- [EXERCISE PROMPT]: Produce an exact transcription of the listing below, omitting the pictures.
-------- INFORMATION PROVIDED --------
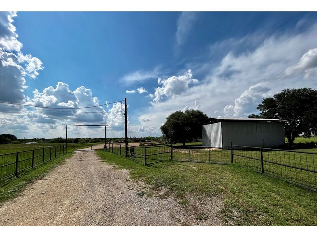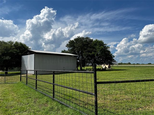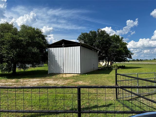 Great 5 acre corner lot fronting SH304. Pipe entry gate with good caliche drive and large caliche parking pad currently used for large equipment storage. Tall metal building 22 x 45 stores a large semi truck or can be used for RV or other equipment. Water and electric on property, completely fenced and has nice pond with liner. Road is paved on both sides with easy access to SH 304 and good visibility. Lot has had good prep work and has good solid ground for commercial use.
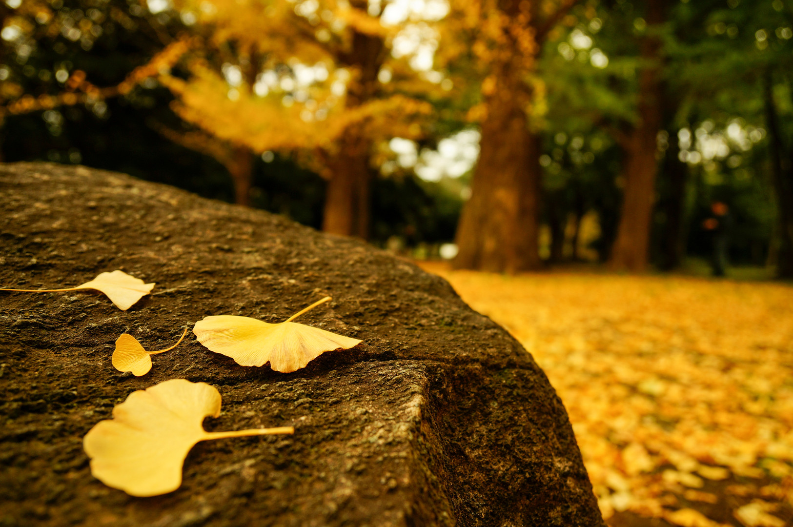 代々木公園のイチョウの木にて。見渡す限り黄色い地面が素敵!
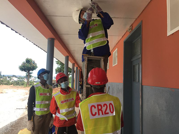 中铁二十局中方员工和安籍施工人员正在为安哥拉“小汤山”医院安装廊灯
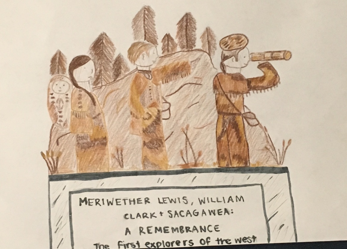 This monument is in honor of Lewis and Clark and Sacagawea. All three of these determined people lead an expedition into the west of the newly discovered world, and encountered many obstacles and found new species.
--------
- [WRITTEN SOLUTION]:
 Great 5 acre corner lot fronting SH304. Pipe entry gate with good caliche drive and large caliche parking pad currently used for large equipment storage. Tall metal building 22 x 45 stores a large semi truck or can be used for RV or other equipment. Water and electric on property, completely fenced and has nice pond with liner. Road is paved on both sides with easy access to SH 304 and good visibility. Lot has had good prep work and has good solid ground for commercial use.
 代々木公園のイチョウの木にて。見渡す限り黄色い地面が素敵!
 中铁二十局中方员工和安籍施工人员正在为安哥拉“小汤山”医院安装廊灯
 This monument is in honor of Lewis and Clark and Sacagawea. All three of these determined people lead an expedition into the west of the newly discovered world, and encountered many obstacles and found new species.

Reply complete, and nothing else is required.